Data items
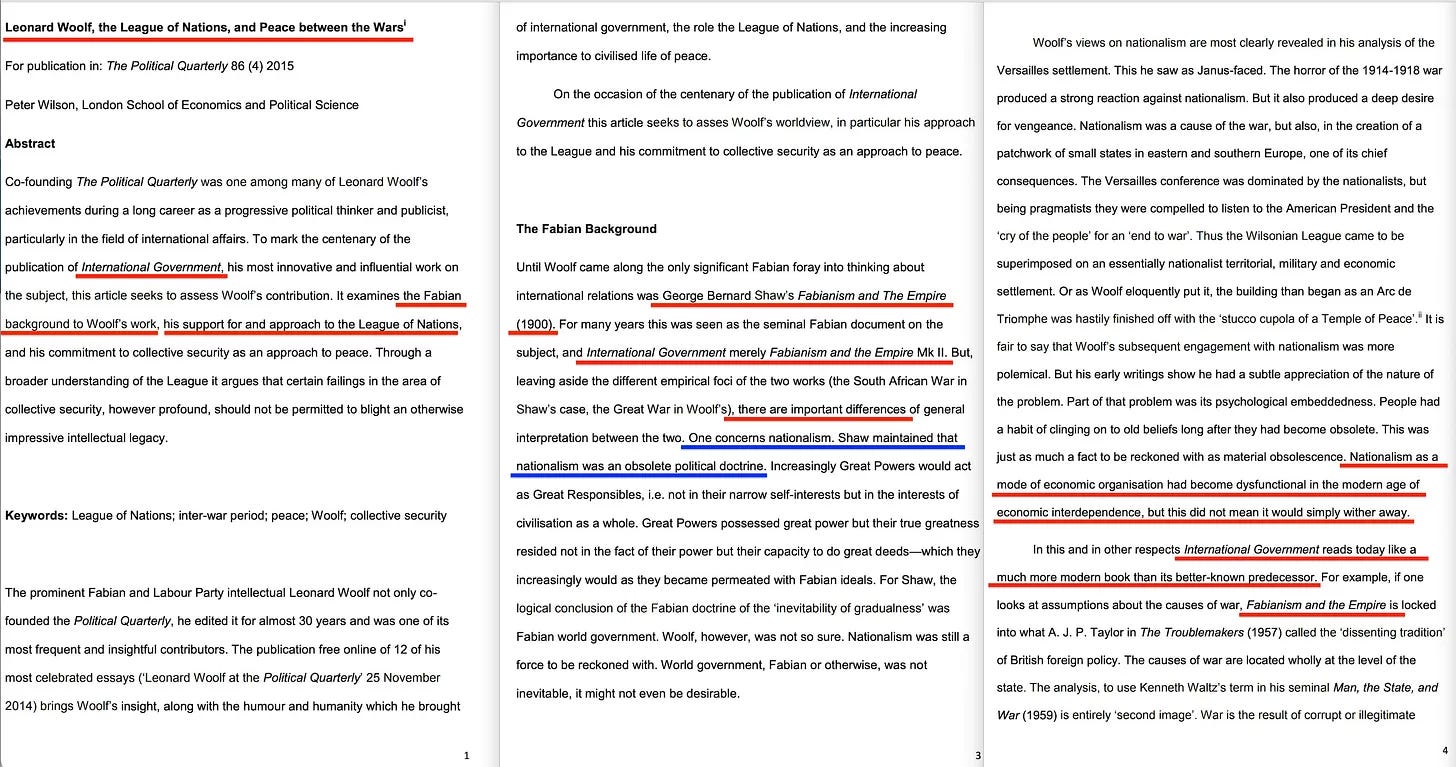 Αυτό το άρθρο του 2015 τιτλοφορείται «Leonard Woolf, the League of Nations and peace between the wars» [63] , και στην ενότητα «The Fabian Background» βρίσκουμε -
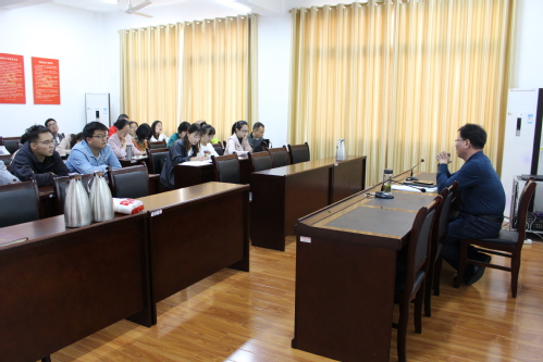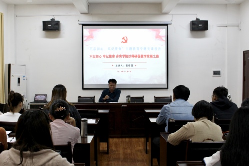 张昭国以“不忘初心、牢记使命——夯实学院以科研促教学发展之路”为题,结合主题教育学习、调研成果和自身体会,阐述了对初心和使命的感悟。他认为,初心决定使命,使命呼唤担当,在日常工作中要做到“不忘初心、牢记使命”就要讲政治,有信念、讲规矩,有纪律、讲道德,有品行、讲奉献,有作为。
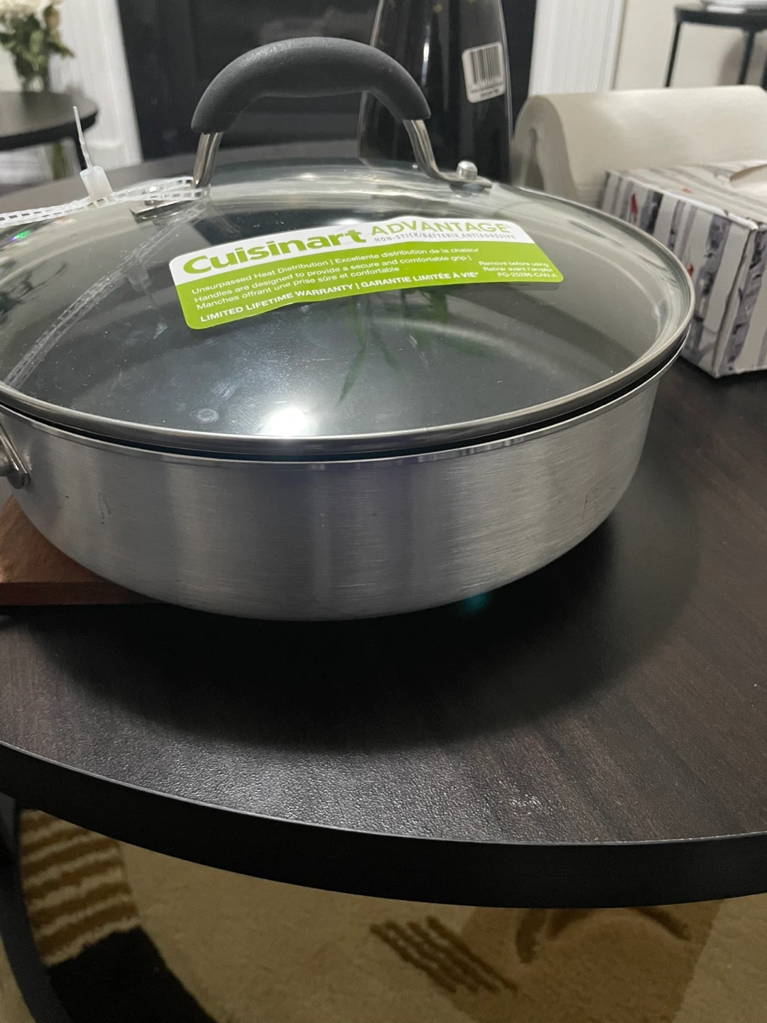 Selling a Cuisinart Advantage non-stick fry pan, complete with its lid! It's in great condition and ready for a new home. This pan is perfect for all your cooking needs!
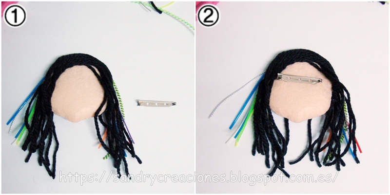 Si se quisiera se le podría poner también cabello por detrás, pero como es un broche creemos que no hace falta y además solo sería un estorbo a la hora de poner y sacar el broche.
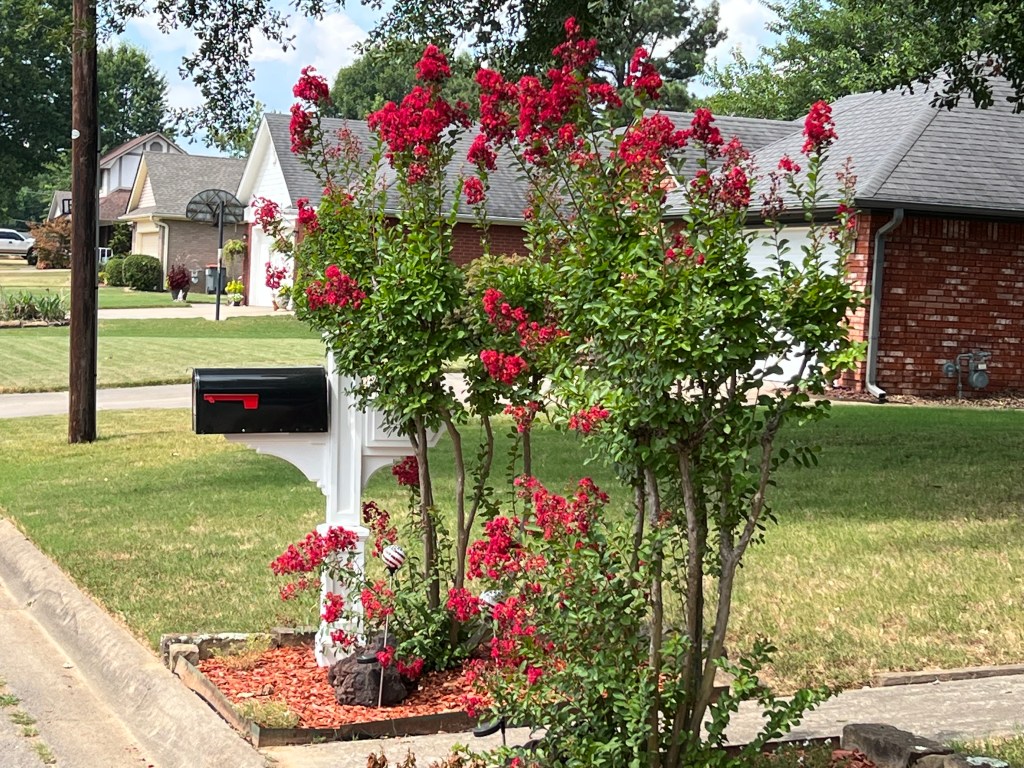 When I looked online for crepe myrtle (Lagerstroemia var.), I found it is a genus of around 50 species of deciduous and evergreen trees and shrubs native to the Indian subcontinent, southeast Asia, northern Australia, and other parts of Oceania, that has then been cultivated in warmer climates around the world. It is a member of the family Lythraceae, which is also known as the loosestrife family. The genus is named after Swedish merchant Magnus von Lagerström, a director of the Swedish East India Company, who supplied Carl Linnaeus with plants he collected. These flowering trees are beautifully colored and are often planted both privately and commercially as ornamentals. All varieties grow best in full sun. The Red Rocket (Lagerstroemia indica ‘Whit IV’) variety of crepe myrtle appeared to be what we saw in the neighborhood mailbox planter.
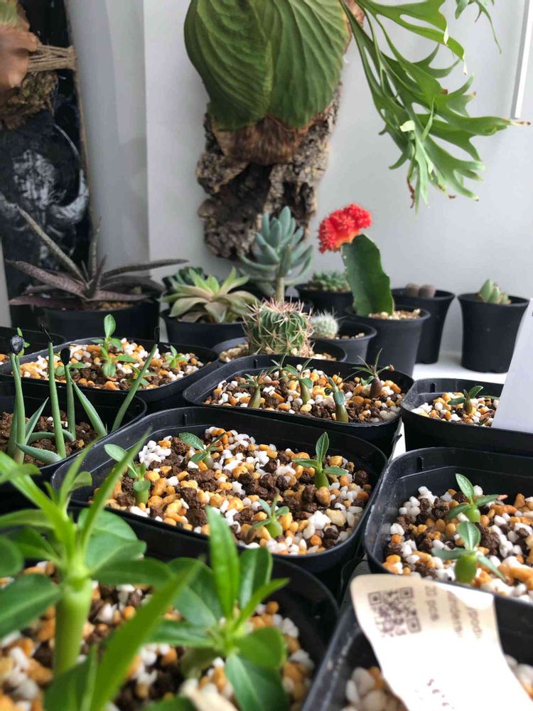 仕事中にサボって植物愛でてます アデニウム ユーフォルビア パキポディウム ビカクシダ とか 植物初心者なのに実生とかしてます笑
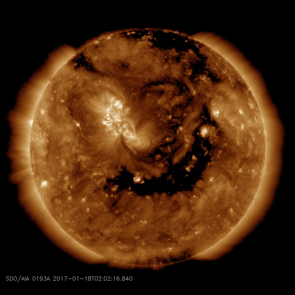 The solar wind is flowing from a large hole in the sun's atmosphere. It's a broad stream that should influence our planet for the next two to three days. Arctic sky watchers can expect continued episodes of bright auroras in the nights ahead. Free: Aurora Alerts
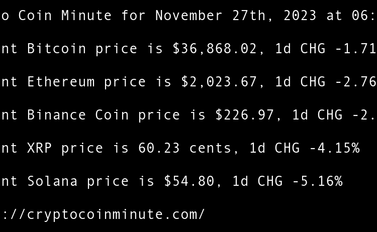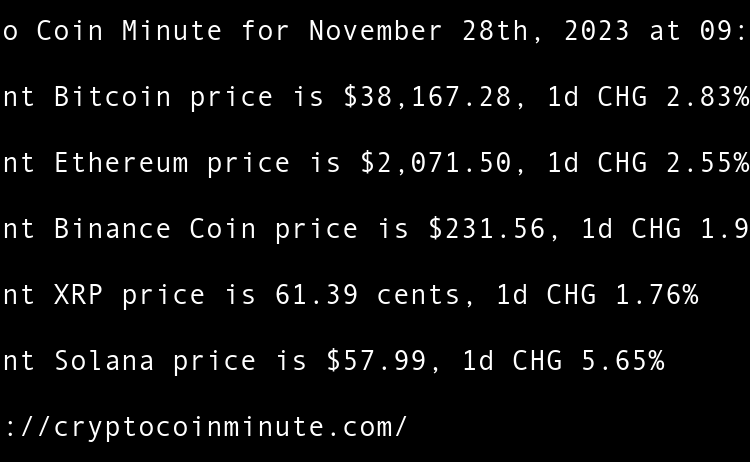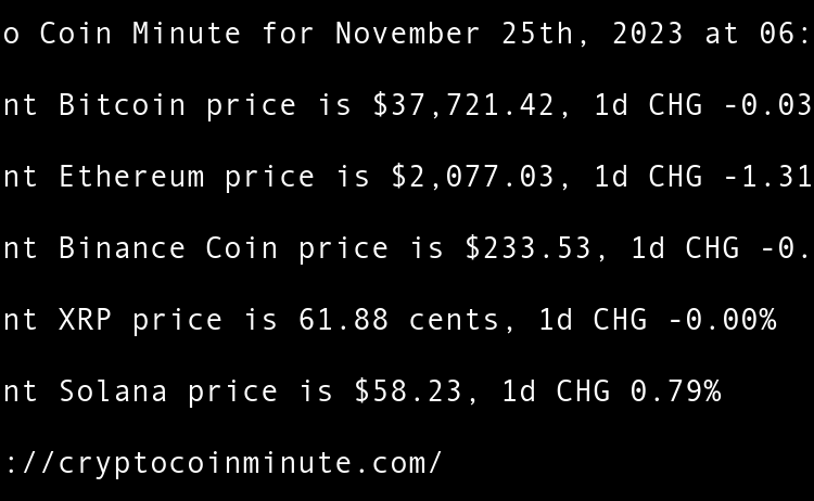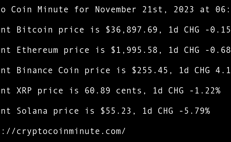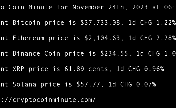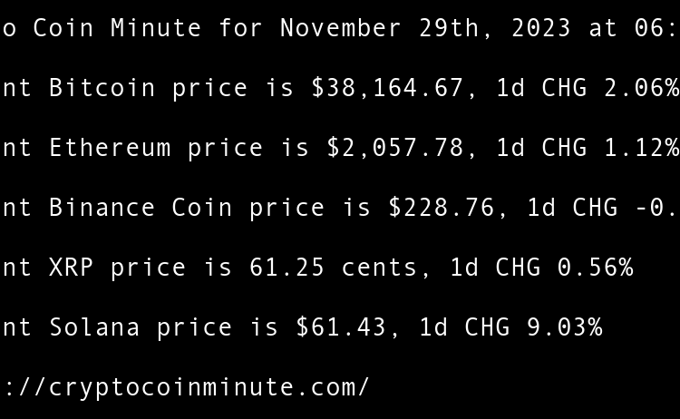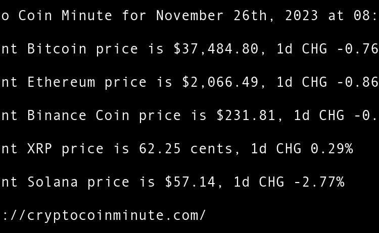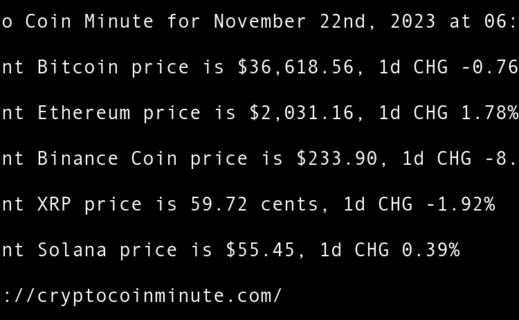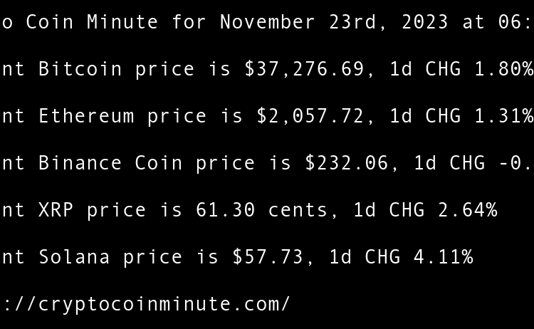 Current Bitcoin price is $37,649.40, 1d CHG -0.16% Current Ethereum price is $2,034.90, 1d CHG 0.56% Current Binance Coin price is $226.82, 1d CHG 0.02% Current XRP price is 60.16 cents, 1d CHG -0.81% Current Solana price is $59.42, 1d CHG -0.46% Binance set to …
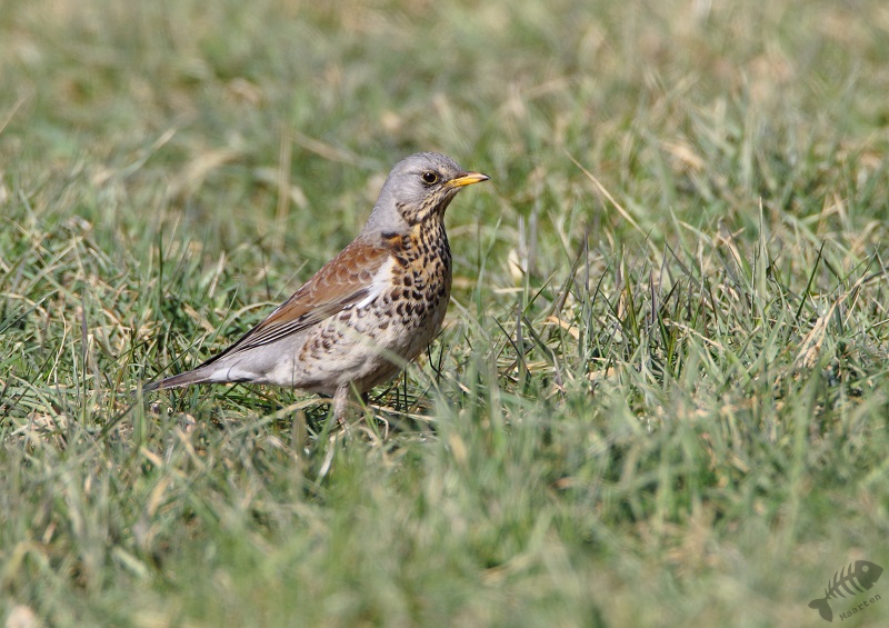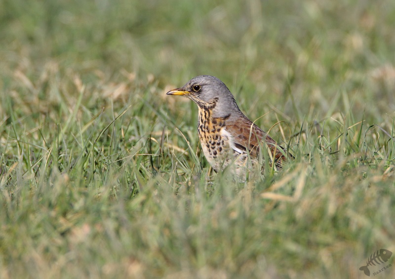 We hebben, net iets té, lang staan praten en kregen weinig meer te zien. Alleen aan het einde verscheen er ineens een hele groep Kramsvogels die al foeragerend regelmatig dichterbij kwamen. Daar heb ik nog een reeks aardige plaatjes van gemaakt en daarna ben ik weer gegaan. De andere vogelaar had me nog gewezen op een ander gebied in de buurt van de Maas, maar toen ik daar kwam leek het ook hier te druk en heb ik de pont naar Cuijk gepakt om daar even op bezoek te gaan.

• Required work
Omit the pictures; set down each record exactly.

• Solution to this task
 Αυτό το άρθρο του 2015 τιτλοφορείται «Leonard Woolf, the League of Nations and peace between the wars» [63] , και στην ενότητα «The Fabian Background» βρίσκουμε -
 张昭国以“不忘初心、牢记使命——夯实学院以科研促教学发展之路”为题,结合主题教育学习、调研成果和自身体会,阐述了对初心和使命的感悟。他认为,初心决定使命,使命呼唤担当,在日常工作中要做到“不忘初心、牢记使命”就要讲政治,有信念、讲规矩,有纪律、讲道德,有品行、讲奉献,有作为。
 Selling a Cuisinart Advantage non-stick fry pan, complete with its lid! It's in great condition and ready for a new home. This pan is perfect for all your cooking needs!
 Si se quisiera se le podría poner también cabello por detrás, pero como es un broche creemos que no hace falta y además solo sería un estorbo a la hora de poner y sacar el broche.
 When I looked online for crepe myrtle (Lagerstroemia var.), I found it is a genus of around 50 species of deciduous and evergreen trees and shrubs native to the Indian subcontinent, southeast Asia, northern Australia, and other parts of Oceania, that has then been cultivated in warmer climates around the world. It is a member of the family Lythraceae, which is also known as the loosestrife family. The genus is named after Swedish merchant Magnus von Lagerström, a director of the Swedish East India Company, who supplied Carl Linnaeus with plants he collected. These flowering trees are beautifully colored and are often planted both privately and commercially as ornamentals. All varieties grow best in full sun. The Red Rocket (Lagerstroemia indica ‘Whit IV’) variety of crepe myrtle appeared to be what we saw in the neighborhood mailbox planter.
 仕事中にサボって植物愛でてます アデニウム ユーフォルビア パキポディウム ビカクシダ とか 植物初心者なのに実生とかしてます笑
 The solar wind is flowing from a large hole in the sun's atmosphere. It's a broad stream that should influence our planet for the next two to three days. Arctic sky watchers can expect continued episodes of bright auroras in the nights ahead. Free: Aurora Alerts
 Current Bitcoin price is $37,649.40, 1d CHG -0.16% Current Ethereum price is $2,034.90, 1d CHG 0.56% Current Binance Coin price is $226.82, 1d CHG 0.02% Current XRP price is 60.16 cents, 1d CHG -0.81% Current Solana price is $59.42, 1d CHG -0.46% Binance set to …
 We hebben, net iets té, lang staan praten en kregen weinig meer te zien. Alleen aan het einde verscheen er ineens een hele groep Kramsvogels die al foeragerend regelmatig dichterbij kwamen. Daar heb ik nog een reeks aardige plaatjes van gemaakt en daarna ben ik weer gegaan. De andere vogelaar had me nog gewezen op een ander gebied in de buurt van de Maas, maar toen ik daar kwam leek het ook hier te druk en heb ik de pont naar Cuijk gepakt om daar even op bezoek te gaan.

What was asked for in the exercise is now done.